Старуха пояснила всё так же непонятно:
– Ты, добрый молодец, проверь, не утащил ли твою красну девицу Кощей.
– Что за Кощей?
– Почём мне знать. – Знахарка пожала плечами. – Но ежели красна девица пропала, то обычно Кощей виноват.
Ржевский не знал, как это истолковать. Смеётся ли над ним старуха или пытается помочь? Он на всякий случай вновь напустил на себя строгость.
– Я проверю. Но помни, ведьма: если не найду красну девицу, то вернусь и тогда совсем по-другому с тобой поговорю.
– Нечего меня пугать, – проскрипела знахарка. – Я тут буду. Стара я слишком, чтобы в чаще по шалашам да землянкам прятаться. Кости ноют без тёплой печки, так что никуда я от своей избушки не денусь.
* * *
Как только Ржевский вышел из избушки, к нему обратился Петя:
– Ну что, Александр Аполлонович? Что сказала знахарка?
– А ты разве сам не слышал?
– Нет, я, честно говоря, не слушал. Я вытаскивал из рубашки некое зелёное и ужасно вонючее насекомое.
– Лесного клопа.
– Наверное. Но что сказала знахарка? Полуша к ней приходила?

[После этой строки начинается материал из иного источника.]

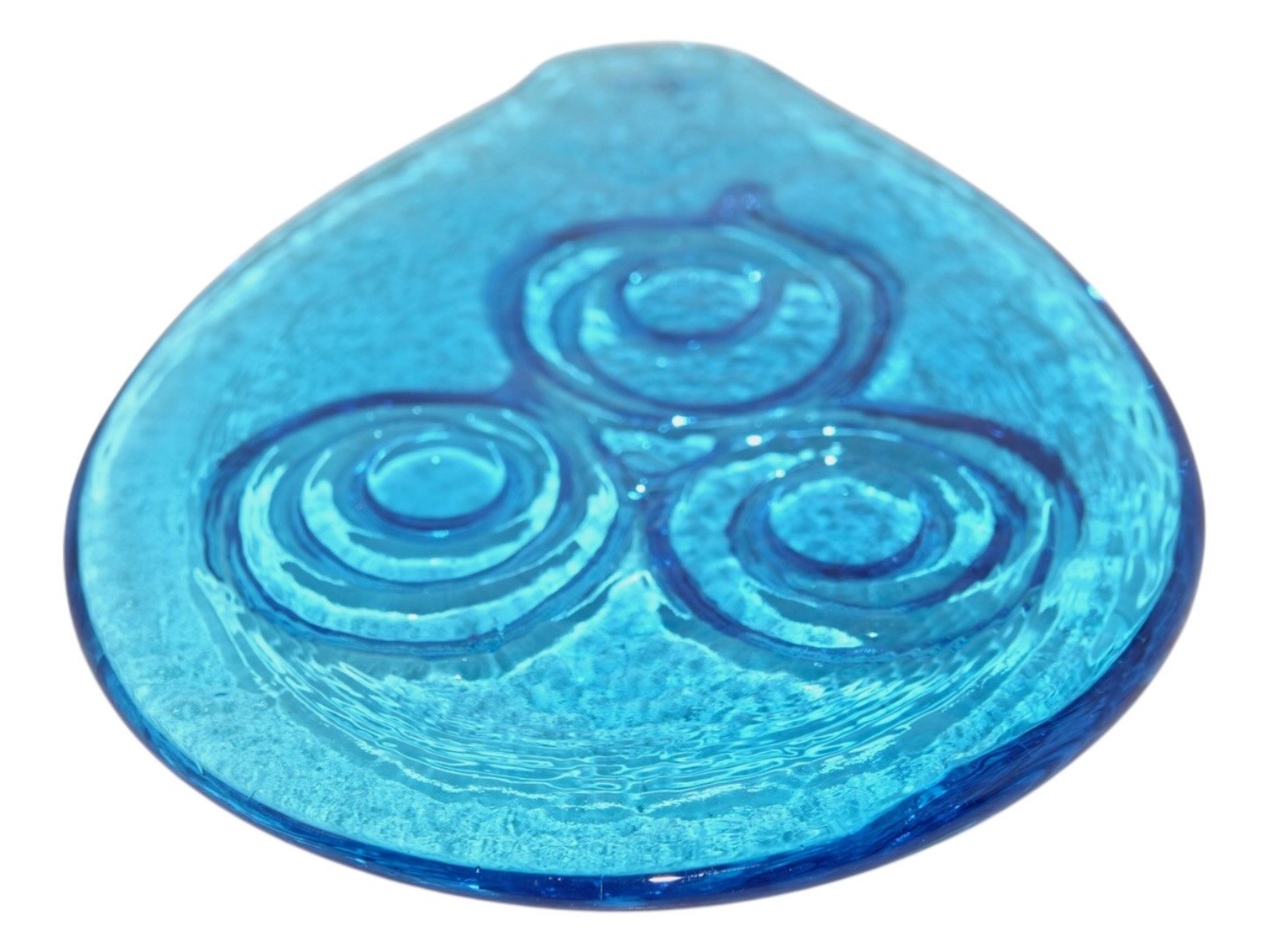 Holmegaard, lyseblå dråbeformet solfanger fra 1970'erne.Måler 18,5 x 13,4 cm.
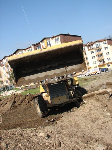 Tak dneska sem strávil ráno a dopoledne v Planý, neb mi bylo sděleno panem starostou Plané, že můžem odpálit výstavbu dirtů. Toho se chopil mr. Drtina, dofčel s Caterpilarem 4×4 turbo v plný palbě (radlice, lžíce, otáčecí sedačka, hydr.zvedací nohy) a šlo se na to.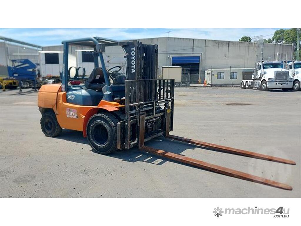 Make- Toyota 2015 Build date Model- 8FD50 Lift Height- 3700mm Container mast Capacity- 5000KG Nominal Tyres- Solid black tyres Fuel- Diesel Attachment- Rotating clamp Enclosed cab 48,000 GST We have over 500 forklifts re....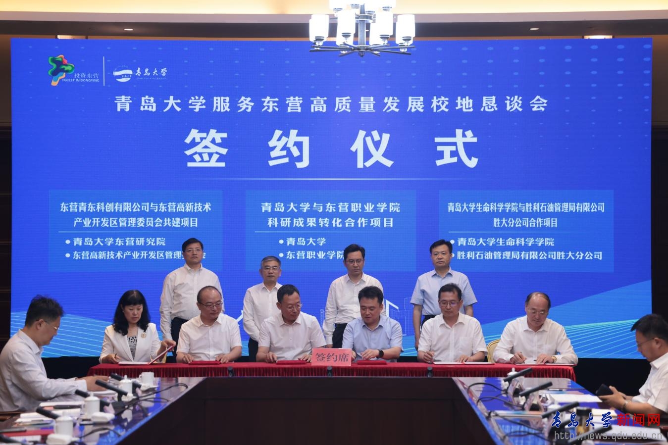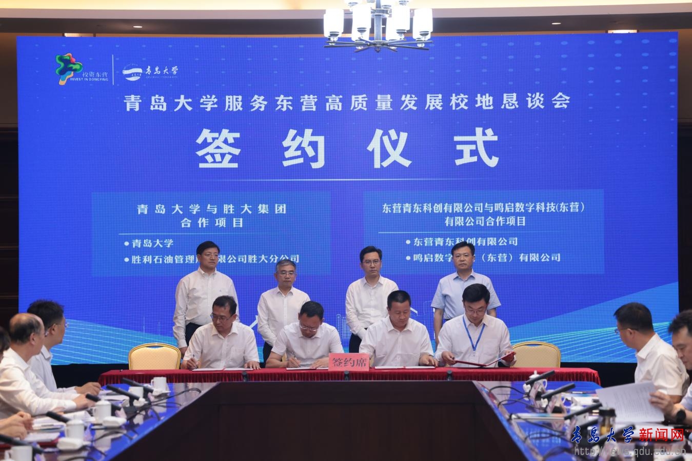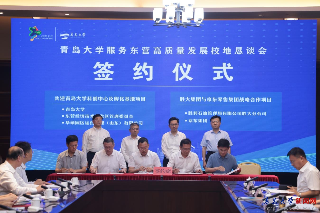 在胡金焱、魏志强、陈必昌、何宪卓见证下,双方举行了“共建开运电竞,每一场竞技都是好运的开始科创中心及孵化基地项目”、“开运电竞,每一场竞技都是好运的开始与胜大集团合作协议”、“东营青东科创有限公司与东营高新技术产业开发区管理委员会共建开运电竞,每一场竞技都是好运的开始东营研究院合作协议”、“开运电竞,每一场竞技都是好运的开始与东营职业学院科研成果转化合作协议”、“开运电竞,每一场竞技都是好运的开始生命科学学院与胜利石油管理局有限公司胜大分公司合作协议”等项目和协议的签署。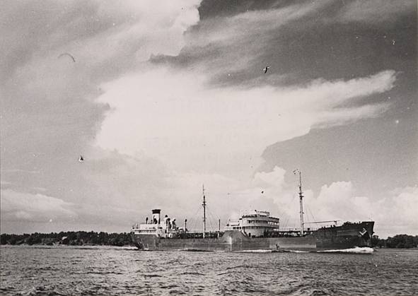 Turboelektriska tankfartyget ESSO WORCESTER av Wilmington, USA, på väg ut mot Kanholmsfjärden, 1953.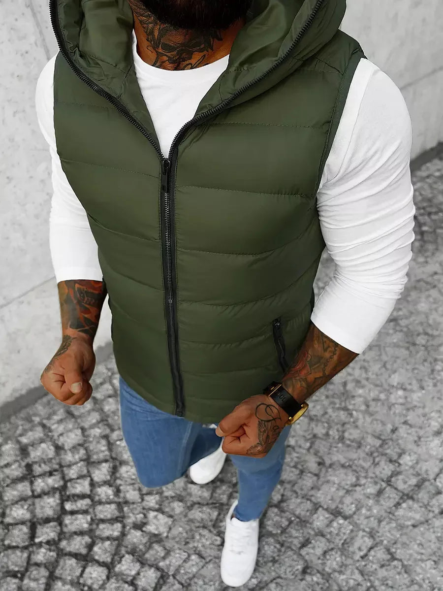 Vīriešu veste ar kapuci un rāvējslēdzēju. Kapuce ir ideāli piemērota aukstām, vējainām dienām. Vestei ir sānu kabatas ar rāvējslēdzējiem.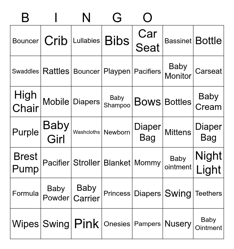 This bingo card has a free space and 48 words: Diapers, Baby Monitor, Onesies, Baby Girl, Diapers, Diaper Bag, Crib, Swing, Bassinet, Blanket, Bottle, Bibs, Bottles, Bows, Formula, Mittens, Swaddles, Carseat, Swing, Car Seat, Pacifiers, Washcloths, Bouncer, Rattles, Teethers, Bouncer, Baby Cream, Wipes, Baby Shampoo, Mobile, Nusery, Diaper Bag, Night Light, Baby Powder, Purple, Mommy, Baby ointment, High Chair, Stroller, Baby Carrier, Brest Pump, Baby Ointment, Lullabies, Pink, Playpen, Princess, Pacifier and Pampers.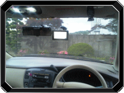 見てもらうと解るとおり、ワンタッチでフロントガラスに貼り付け可能で、手の届く所に設置可能です。充電満タンで4時間半電源コード無しで使用可能です。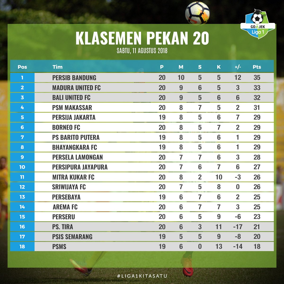 Bri Liga 1 En Twitter Klasemen Sementara Go Jek Liga 1 Pekan 20 Hingga Sabtu 11 8 Klasemen Selengkapnya Https T Co M3dni01jqj Gojekliga1 Liga1kitasatu Https T Co Bh14bbjj2y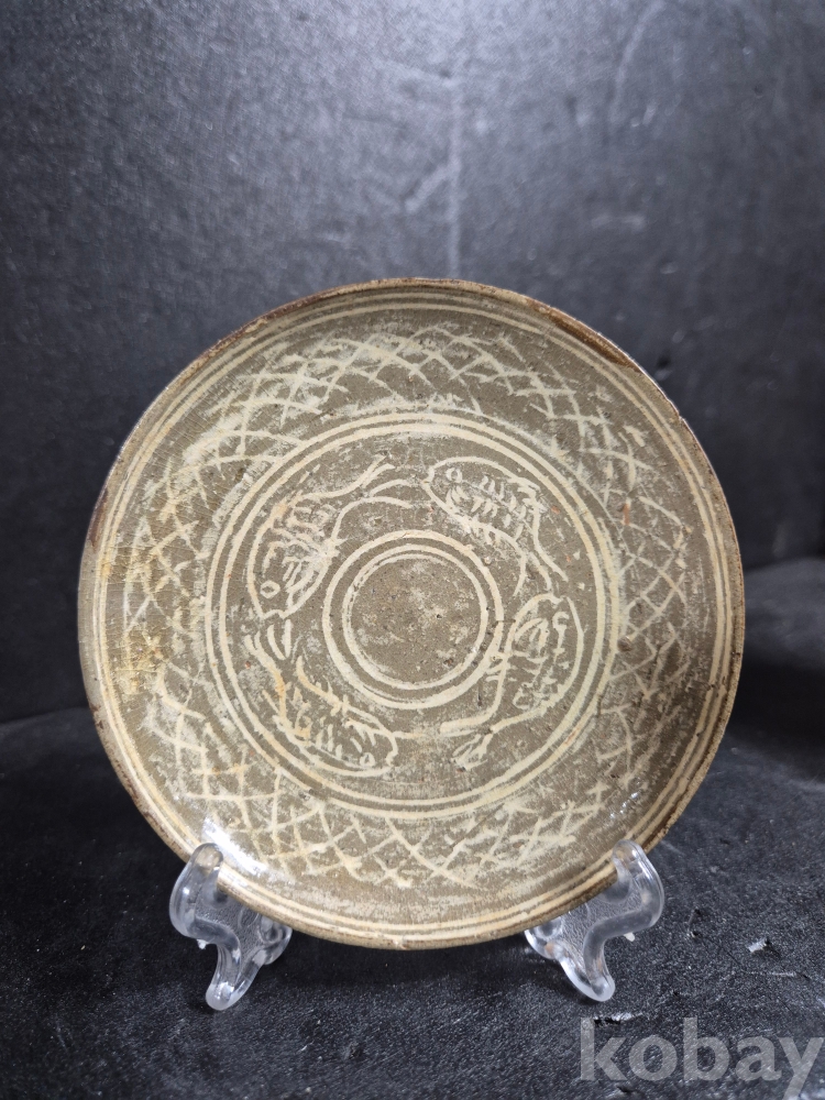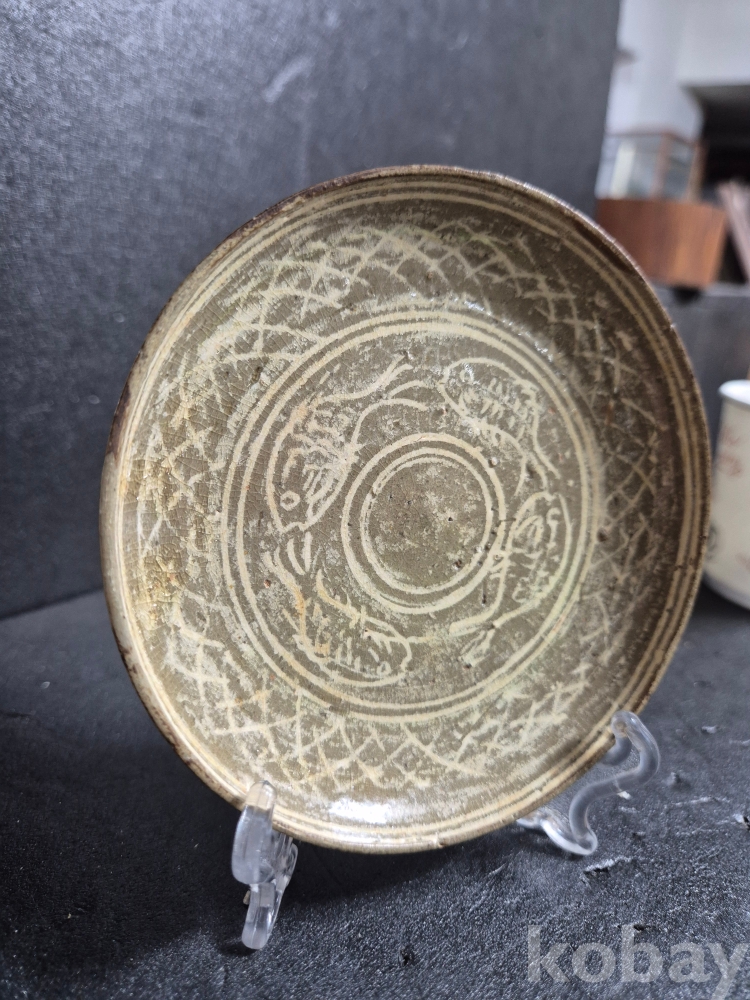 초창기인 15년전 지방 경매장에서 치열한 경쟁을 하여 구입한 기물로 고기가 4마리나 백상감으로 그려져 있는 희귀 기물입니다.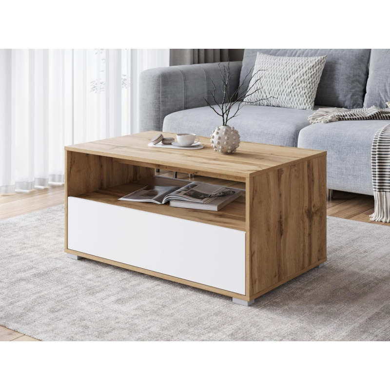 Konferenční stolek s policí vám umožní pohodlné uložení knih, časopisů, elektroniky nebo dálkových ovladačů. Nejužitečnější položky budete mít vždy na dosah ruky. Skrytý úložný prostor za křídlovými dvířky poskytuje dodatečný prostor pro předměty, které chcete skrýt před zraky hostů, díky čemuž bude váš obývací pokoj dokonale uklizen.
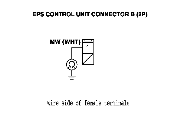 8. Check for continuity between body ground and EPS control unit connector B (2P) terminal No. 1, connector C (2P) terminal No. 1, and connector C (2P) terminal No. 2 individually.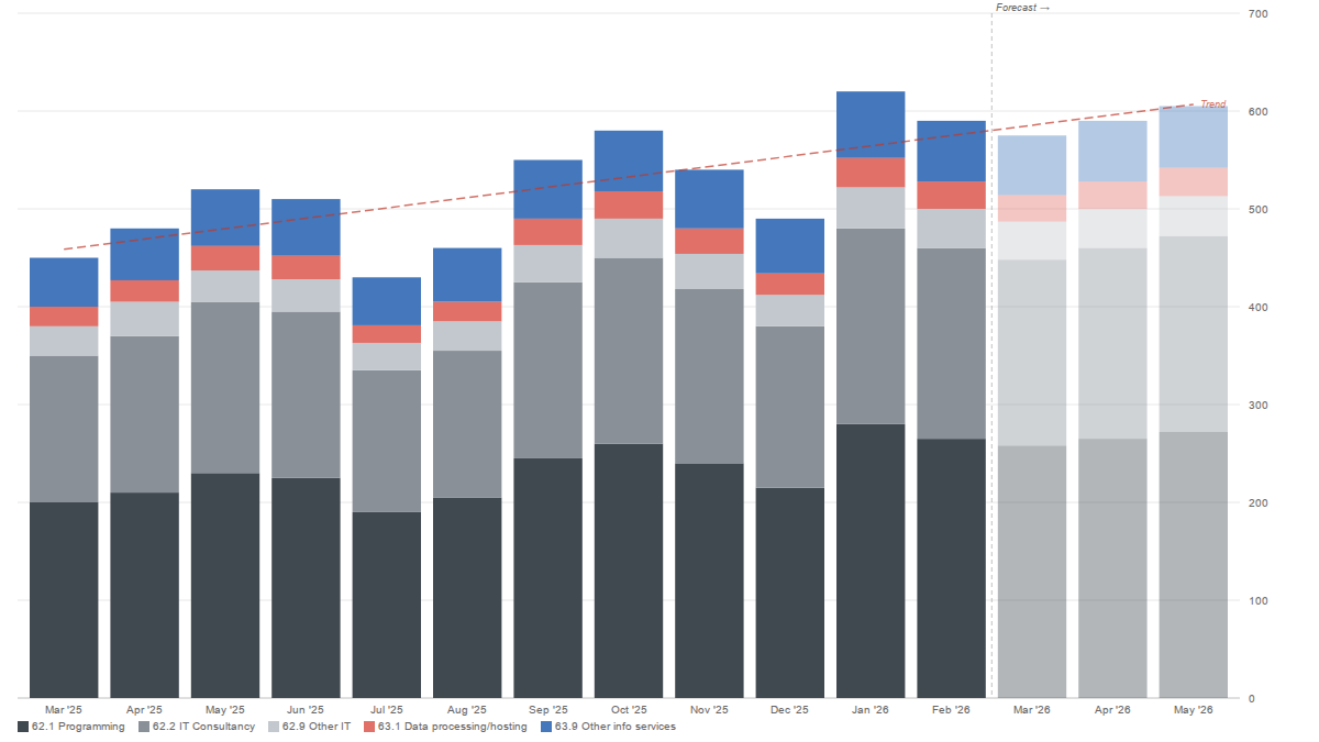 Monthly new tech company establishments in Norway (NACE 62.x + 63.x) from Bronnysundregistrene. Shows last 12 fully elapsed months.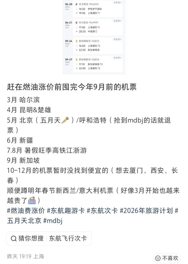 不少网友在社交平台发帖称,赶在燃油附加费上涨前提前囤购了机票“能买的都买了”,有人甚至买好了,2026年一整年的机票。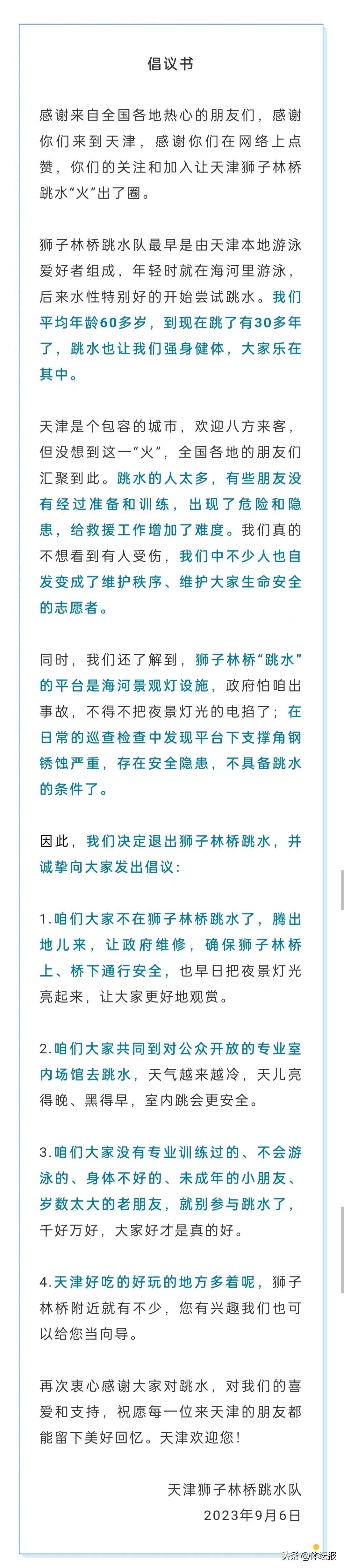 9月6日,天津大爺們決定退出獅子林橋跳水,併發出倡議書,引來無數網友熱議。
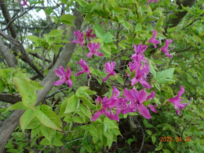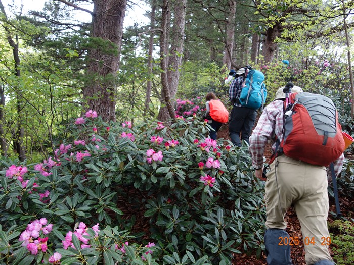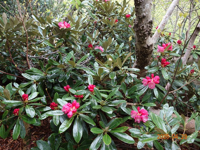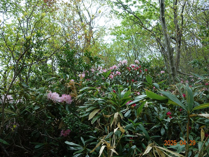 キャンプ場は本日(4/29)が開園。今年のシャクナゲは開花が遅れぎみで、咲き始めの良いタイミングの例会になりました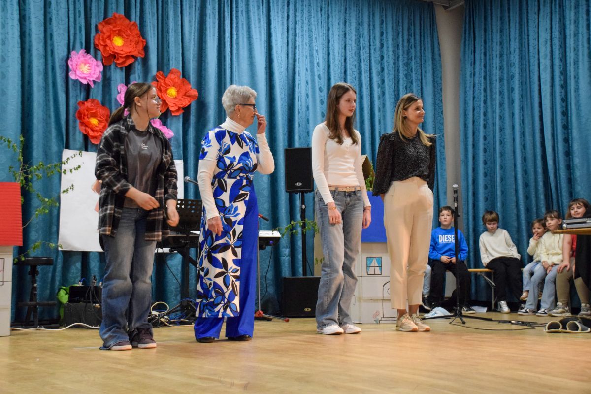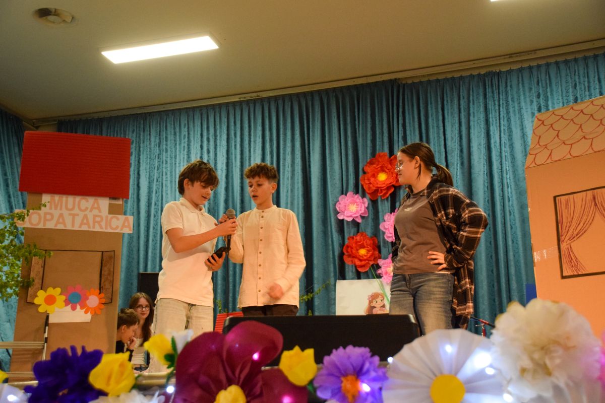 Nato se je program nadaljeval z dramatizacijama priljubljenih zgodb Trije metulji in Muca Copatarica. "Manjši in večji Sončki so se izkazali z igralskim talentom, ustvarjalnostjo in pogumom ter dokazali, da se v njihovih vrstah skrivajo pravi mali umetniki." Otroška skupina je tudi deklamirala in pela ter izražala hvaležnost, ljubezen in spoštovanje, ki jih čutimo do žensk. "Vsak nastop je bil zgodba zase, prežeta s čustvi in toplino," sta dejali. Mladi černelavski trobentač je imel glasbeni vložek, ki je pobožal ušesa, omehčal vsa srca in pobožal dušo obiskovalk.
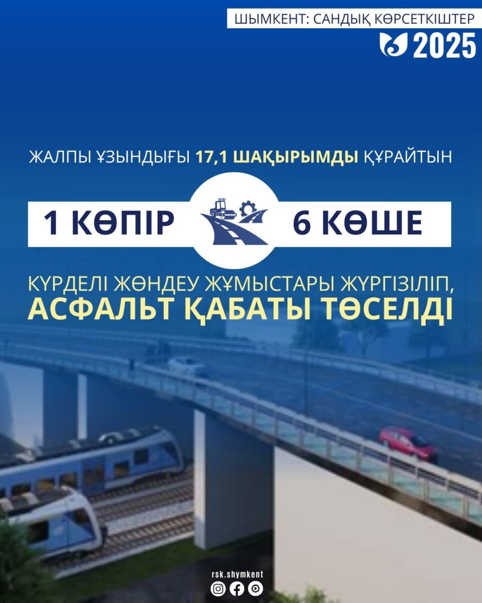 ШЫМКЕНТ: ЖОЛ ИНФРАҚҰРЫЛЫМЫ ЖАҢАРТЫЛУДА. 2025 жылы Шымкент қаласында жол-көлік инфрақұрылымын дамыту бағытындағы жұмыстар жүйелі әрі жоспарлы түрде жүзеге асырылуда. Қала аумағында көлік қозғалысының сапасын арттыру, жол қауіпсіздігін қамтамасыз ету және тұрғындарға қолайлы жағдай жасау басты басымдықтардың бірі болып отыр. Осы мақсатта биыл жалпы ұзындығы 17,1 шақырымды құрайтын 1 көпір мен 6 көше күрделі жөндеуден өтті.

Получалось, что Петя не помнил, как заглянул в избушку, и что ведьма над ним поколдовала, поэтому Ржевский, подумав, решил никому не говорить о случившемся. В том числе самому Пете.
Поручик, взяв «бобрёнка» с собой к ведьме, в некотором роде принял на себя ответственность за него. И не уследил. Но последствий могло и не наступить.
«Может, ничего», – думал Ржевский. Забот и так хватало, и поручику совсем не хотелось, чтобы его попрекали просто из-за того, что старуха чего-то там над Петей пошептала. «Может, обойдётся. Может, старуха вовсе не умеет колдовать, а только думает, что умеет. Ну, пошептала. И что?»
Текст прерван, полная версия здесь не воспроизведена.